But in another season, that same role can feel way too heavy. Maybe you're starting a family. Maybe your health needs your attention. Maybe your priorities are shifting and you want more space for rest or creative vision, but here's the truth. Like success means giving yourself permission to let roles evolve. And I really want you to let that sink in. It's okay. To shift responsibilities. It's okay to ask for more support.

Like it's okay to recognize that, Hey, my season is changing and my priorities of what I used to really, really care about. They're allowed to change. So take a moment to ask yourself, what season am I in? And what does this season require of me? How am I holding onto responsibilities that no longer serve me or my family's needs?

And that can hopefully help you get a little bit more self-awareness and insight on really how you need to be resourcing yourself and how you need to advocate for yourself in this season. So this brings me to a game-changing insight from the same book. Fair play. True partnership is about ownership, not just helping. Come on. That's a mic drop moment right there. For my client, this was a major breakthrough. Like she and her partner sat down, redefine their roles.

Her partner started to own responsibilities that she had been holding alone. Things that might've seemed small on the surface, but significantly lightened her mental load. And these are typically things that they never really verbalized or like actively discussed before. It was just kind of like this unspoken expectation that kind of had evolved during the course of their marriage in relationship.

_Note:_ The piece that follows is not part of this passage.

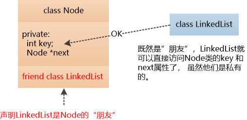 熟悉C++的大臣乙赶紧上奏:“陛下,C++ 有个什么friend class的概念。 例如在class Node 中声明了 friend class LinkedList , 那LinkedList 就可以访问Node 类的属性和方法了。 ”

So here's a tool that you can try, sit down with your partner and do a responsibility audit, write down all of your visible and more importantly, those invisible responsibilities, the tasks and the mental tracking, then ask, who owns, what, where do roles need to shift and how can we create balance? That feels fair for both of us, as it relates to the season that we are currently in.

Remember, this isn't about splitting things 50 50, but it's about sharing the weight mentally, emotionally, and logistically. Fairness doesn't always mean equality. It means equity. It means each person feels valued and supported in the roles they carry. So for my client fairness didn't mean her partner had to contribute financially in the exact same way. She did.

Instead, it was about recognizing their unique contributions and ensuring that she no longer felt alone in the invisible workload that she had on top of her plate. In addition to everything that was going on in the business too, is there ask yourself, like, what would fairness look like? For us in the season. And how can both of us feel recognized, supported, and aligned in our partnership? The big takeaway here is that true partnership? Isn't just about visible tasks.

It's about sharing the invisible weight, the planning, the mental load, the unspoken responsibilities that come with leadership and provision. So I really want to like close this out with a really affirming affirmation statement that if you're really wrestling with this right now, this is something that you can write on a post-it note. Repeat verbally to yourself during your morning routine, or as you're winding down in the evening. I am worthy of support.

Even as a strong provider, I release the need to carry it all alone and welcome true partnership into my life. I am worthy of support even as a strong provider. I released the need to carry it all alone and welcome true partnership into my life. Repeat that to yourself. And really give yourself permission to release the need to carry it all alone because you don't have to. Today's episode resonated with you.

I encourage you to have an honest conversation with your partner about the invisible workload and your relationship. Start small, create space for balance and allow your partnership to evolve with the season that you're in and the new responsibilities on your plate. Thank you so much for tuning in today. Here's to building a partnership where both of you feel seen valued and supported every step of the way. If you enjoy this episode, please let's continue the conversation.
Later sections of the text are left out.